Information provided >>
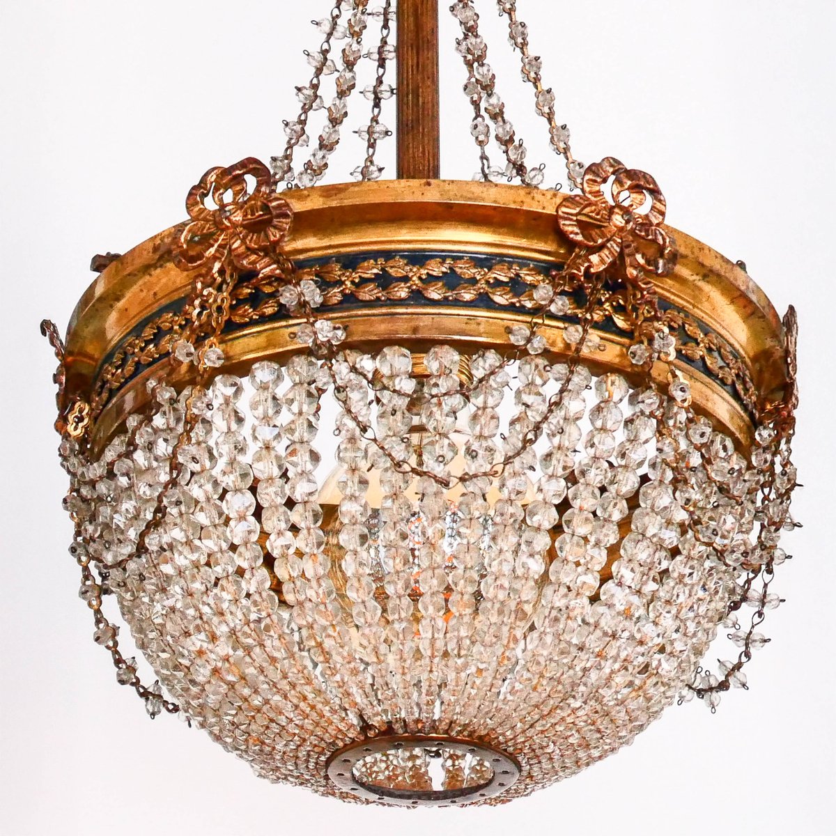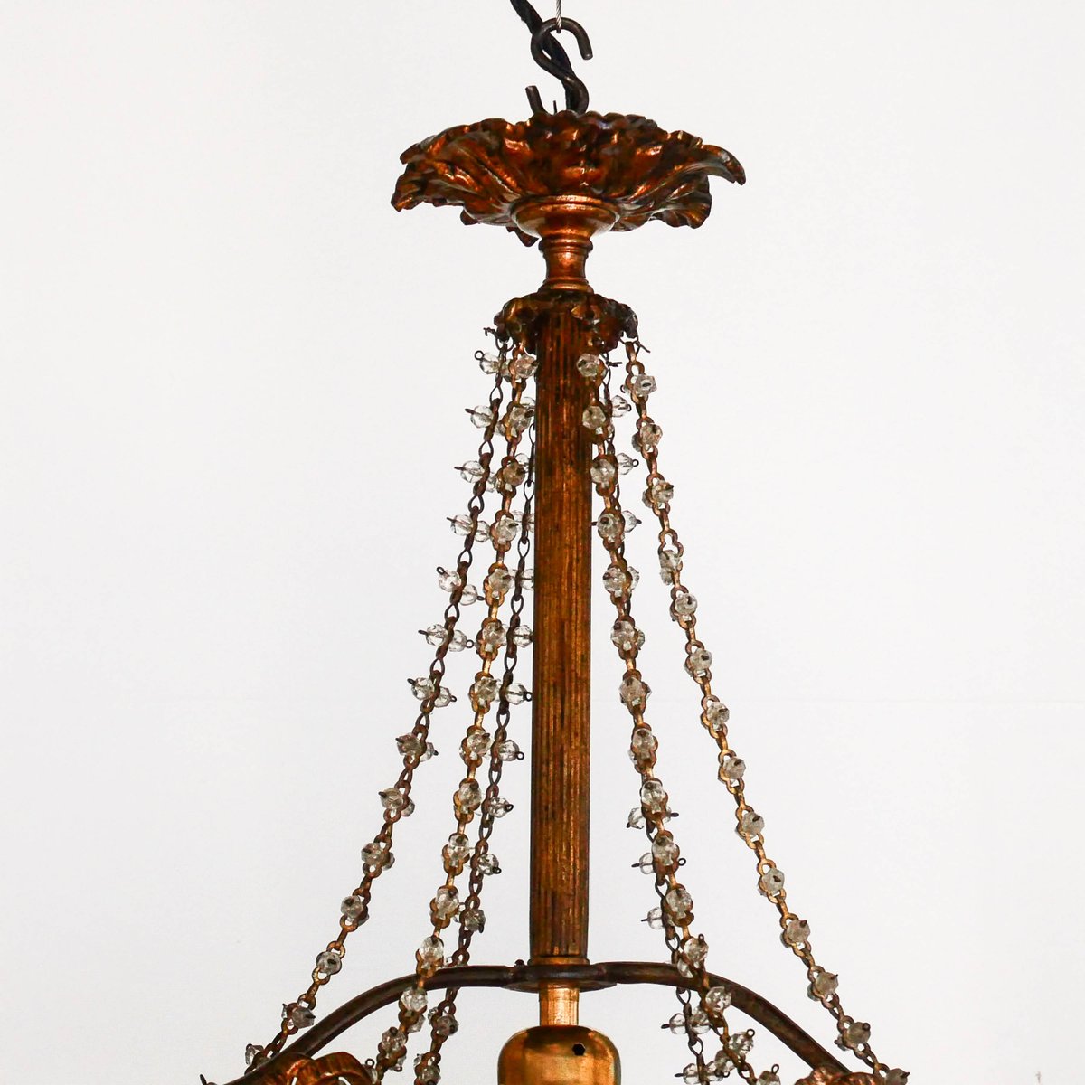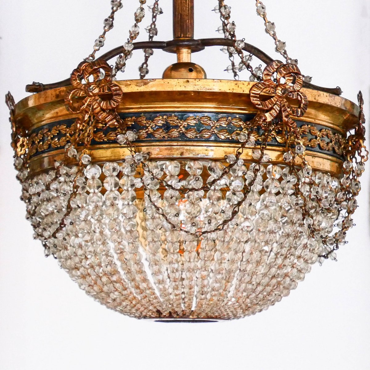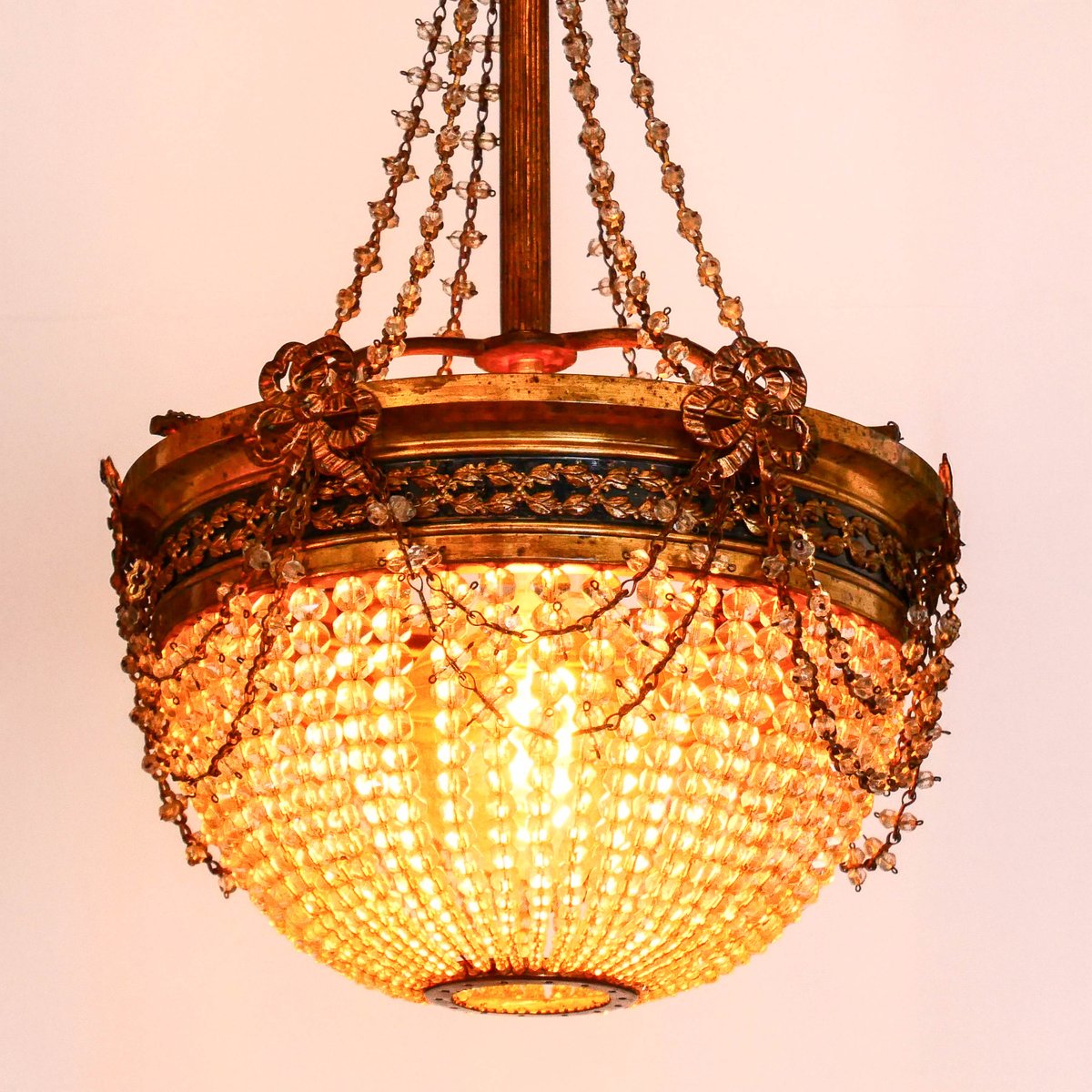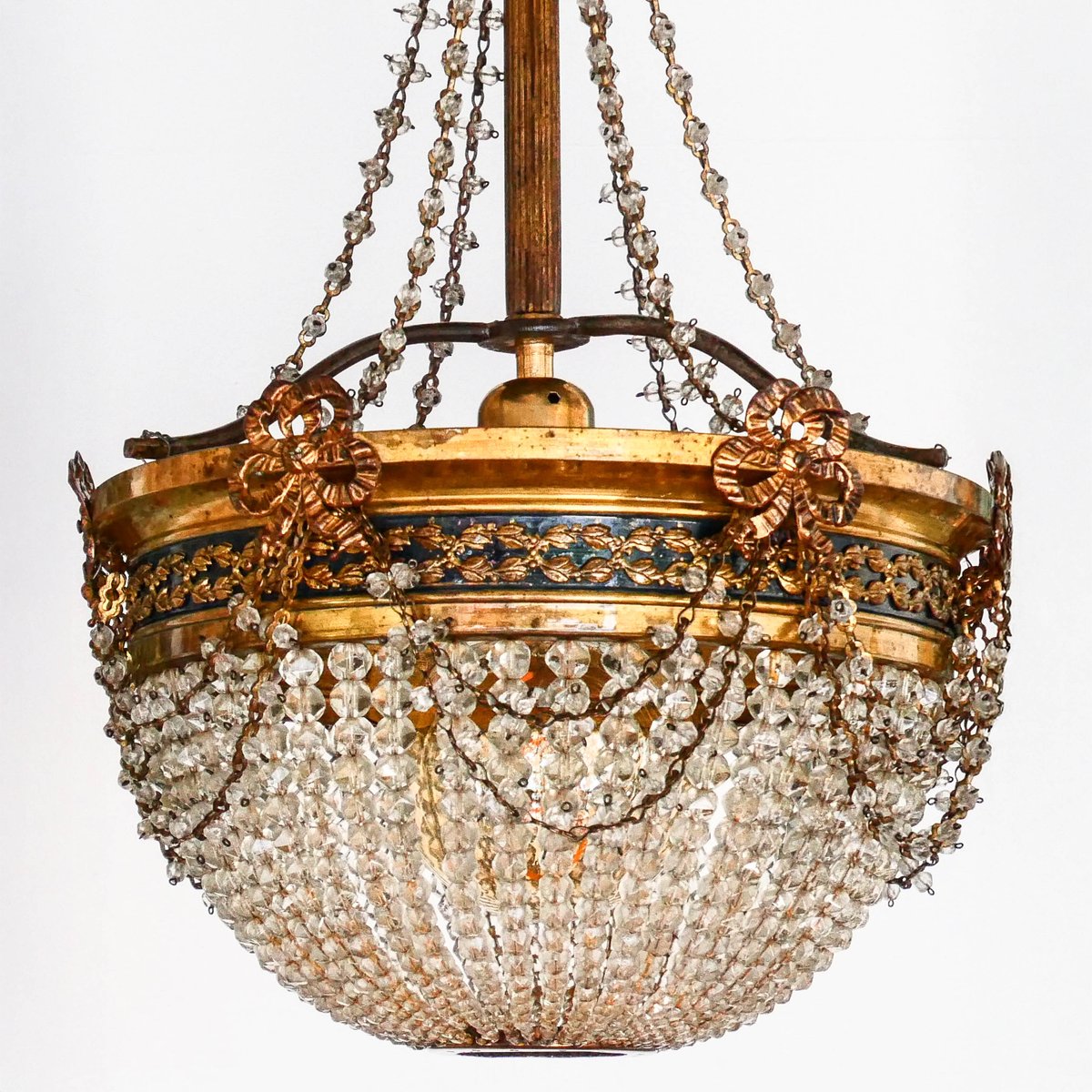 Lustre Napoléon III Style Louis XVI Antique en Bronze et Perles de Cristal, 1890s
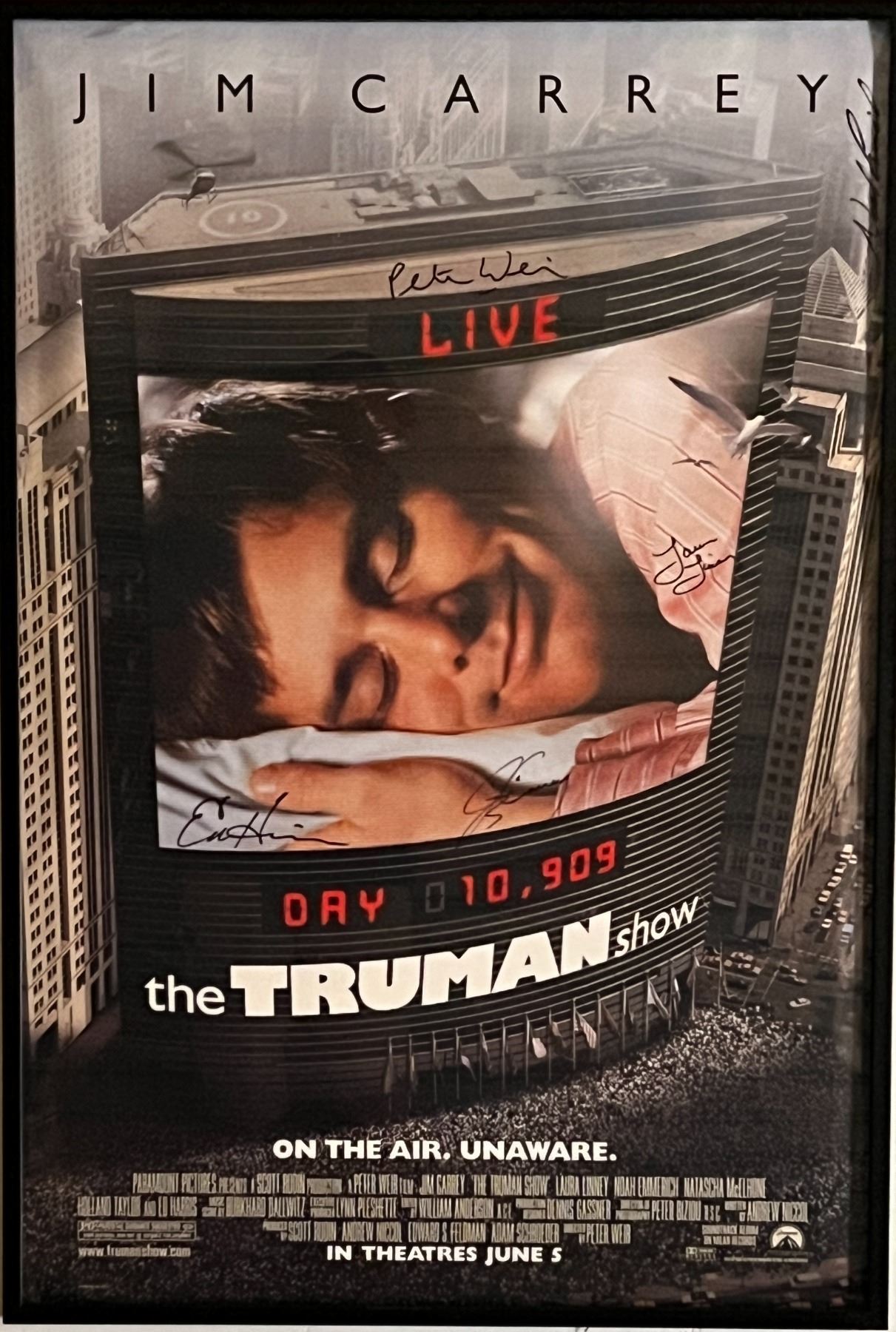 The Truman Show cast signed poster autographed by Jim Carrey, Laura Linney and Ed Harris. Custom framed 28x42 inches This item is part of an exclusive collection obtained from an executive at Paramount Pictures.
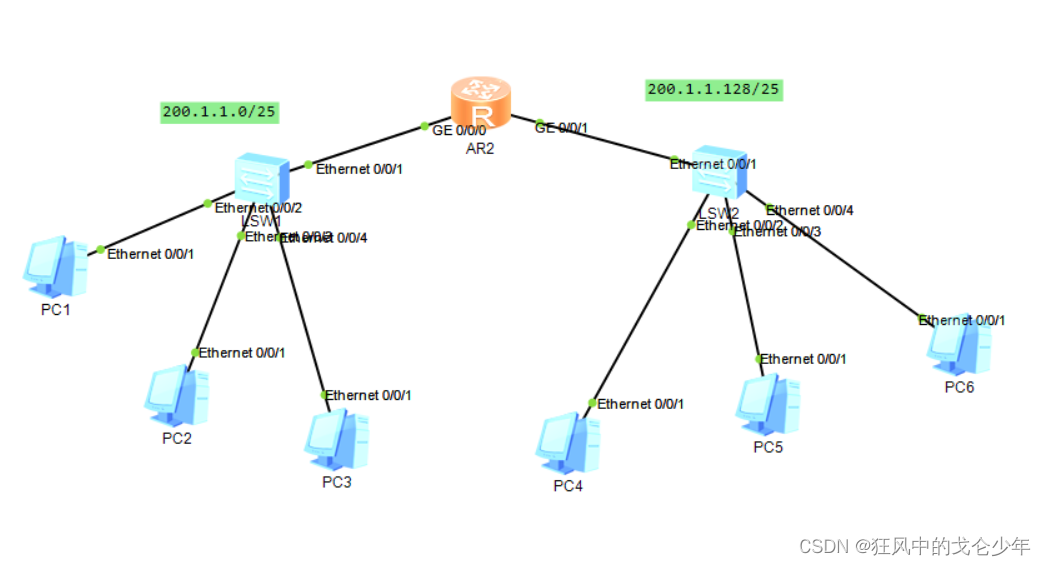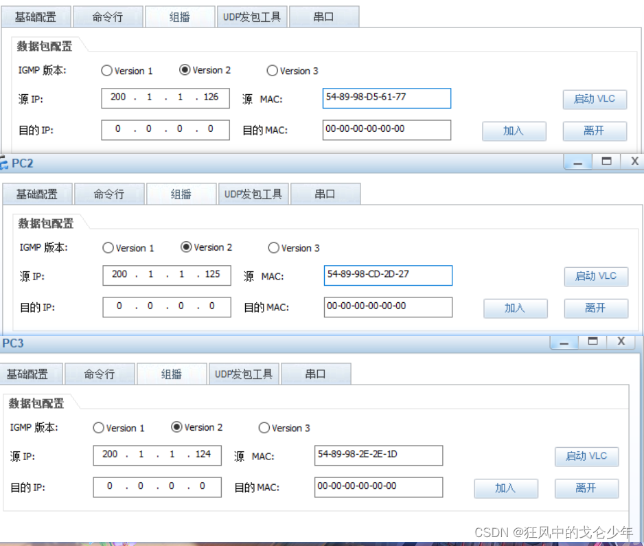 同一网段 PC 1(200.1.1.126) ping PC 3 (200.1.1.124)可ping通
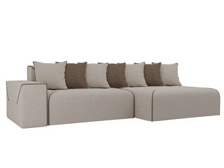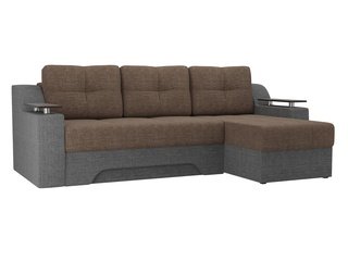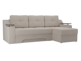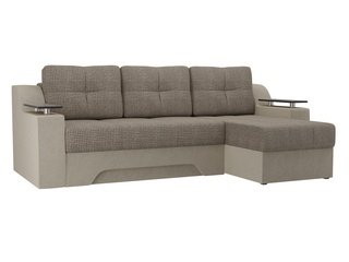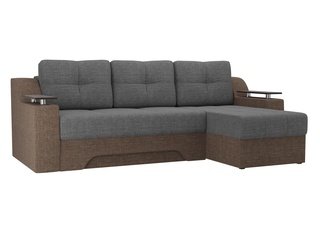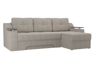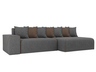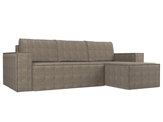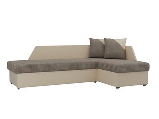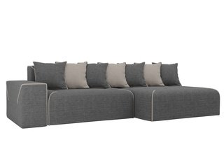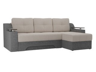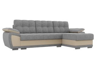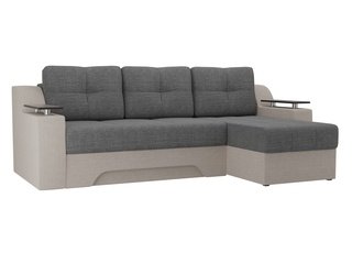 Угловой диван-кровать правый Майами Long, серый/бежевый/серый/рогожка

What this task involves >> Drop the pictures, then repeat the material word for word.

Answer to this task >>
 Lustre Napoléon III Style Louis XVI Antique en Bronze et Perles de Cristal, 1890s
 The Truman Show cast signed poster autographed by Jim Carrey, Laura Linney and Ed Harris. Custom framed 28x42 inches This item is part of an exclusive collection obtained from an executive at Paramount Pictures.
 同一网段 PC 1(200.1.1.126) ping PC 3 (200.1.1.124)可ping通
 Угловой диван-кровать правый Майами Long, серый/бежевый/серый/рогожка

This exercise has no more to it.